# Please help a newbie regarding sublimation Printing .



## GCB People (Aug 6, 2014)

Hi All !
Please help me regarding 2 questions which I have regarding Sublimation Printing :

1) What should be the correct TEMP and TIME settings in sublimation printing on a 15*15 manual clamp shell heat press machine on cotton,Polyester, heavy cotton etc materials t shirt individually ?

2) Where to find free vector Graphics to print on T-SHIRTS ?

Regards
GCB


----------



## charles95405 (Feb 1, 2007)

You can't do sublimation on cotton. For white or light pastel polyester. Temp 380-400F for 50-60 sec. Search the forum in sublimation area for more info. You can Google the net for free vector. But you get what you pay for. be sure the EULA allows commercial use


----------



## GCB People (Aug 6, 2014)

Thanks Charles. The information was of great help.


----------



## Jaimin (Sep 27, 2016)

You can use special t-shirt transfer paper to transfer graphic on your pure cotton Cloth,dark t-shirt transfer paper for dark clothes,light t-shirt transfer paper for light clothing.To other clothing materials, you can use sublimation paper.Generally,the temp is 180-220,15-30s, it can be transfered several times,if you find the picturer is not good. we are sublimation paper manufacturer.---- ink-sublimation


----------



## STPG Press (Jul 6, 2015)

While they do make a "sublimation setup" for sublimating on cotton, it's an absolutely horrible idea. Here's why.

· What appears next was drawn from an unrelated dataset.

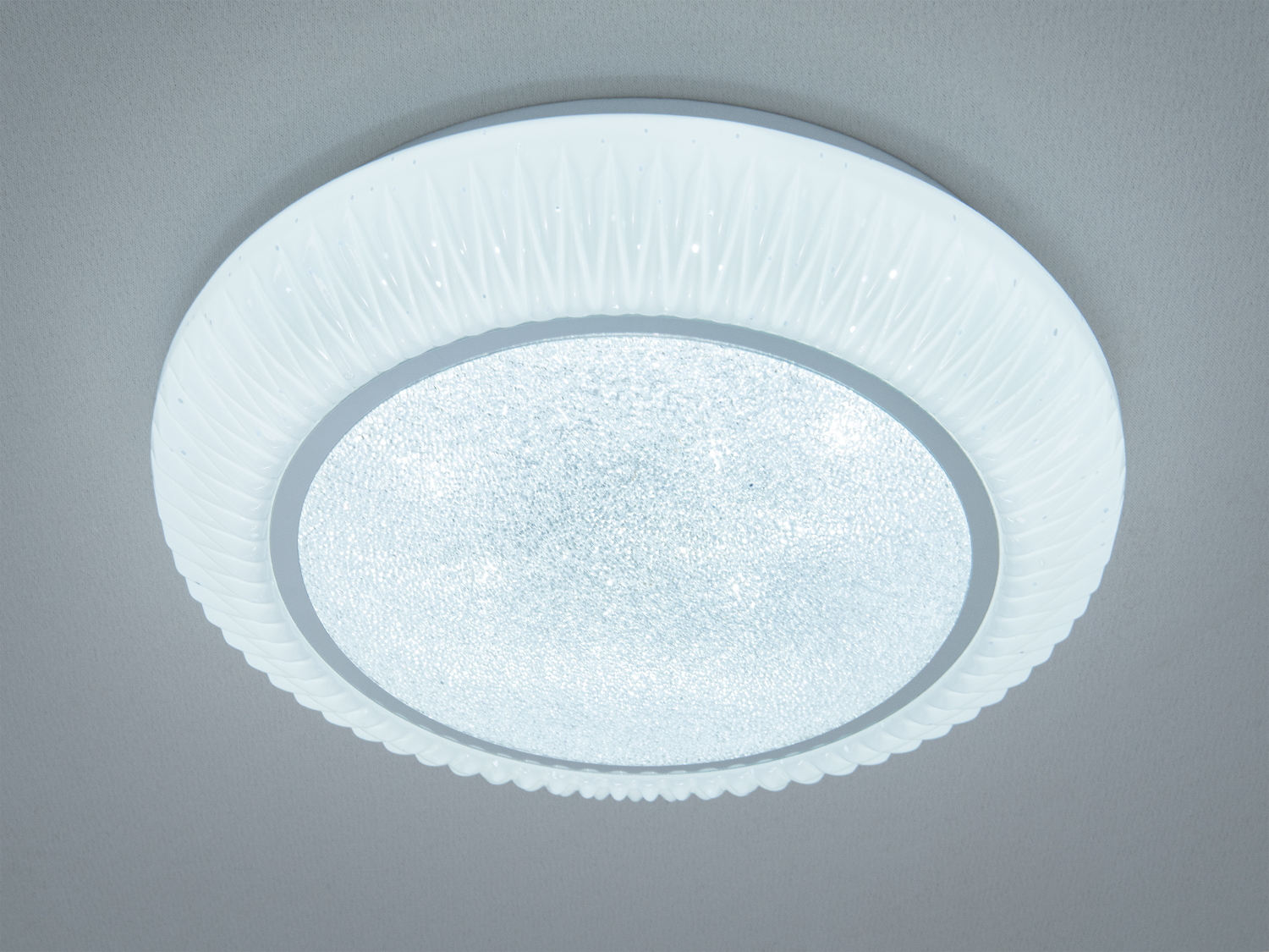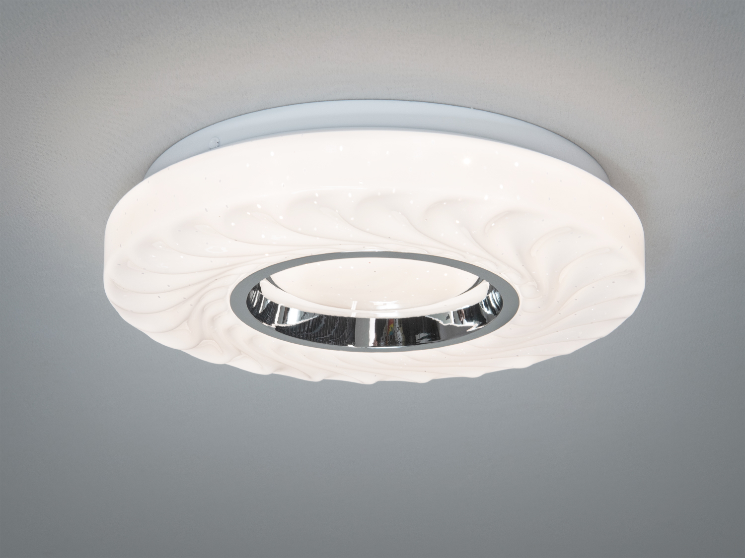 Ця стельова LED-люстра поєднує низькопрофільну конструкцію з рівномірним м’яким світлом. Круглий плафон з фактурного/рельєфного скла та акуратний хромований акцент візуально полегшують світильник і допомагають створити комфортне загальне освітлення у невеликих кімнатах. Модель належить до сегменту LED люстр і світлодіодних панелей, передбачає встановлення на стелю та керується звичайним настінним вимикачем — без пульта.

I've seen demos of this process at several trade shows.

The entire point about sublimation is the ability to transfer the dye from the transfer paper directly into the poly fibers of the garment. This leaves a completely soft feel on the garment with no hand whatsoever. You are essentially dyeing the shirt.

When you try to sublimate on cotton, the cotton fibers will not permanently absorb the colors so the process fails. The way some companies are offering "sublimation on cotton" is to print the transfer the same way with the sublimation inks, then while the transfer paper is still wet from the printer, you coat the entire transfer with finely pulverized polyester resin. Then the transfer process happens with the heat press.

So, what do you get? An image sublimated onto the resin which is then pressed onto the cotton shirt, all in one process, but it's still not a sublimated cotton shirt. It's a marketing gimmick. Period.


----------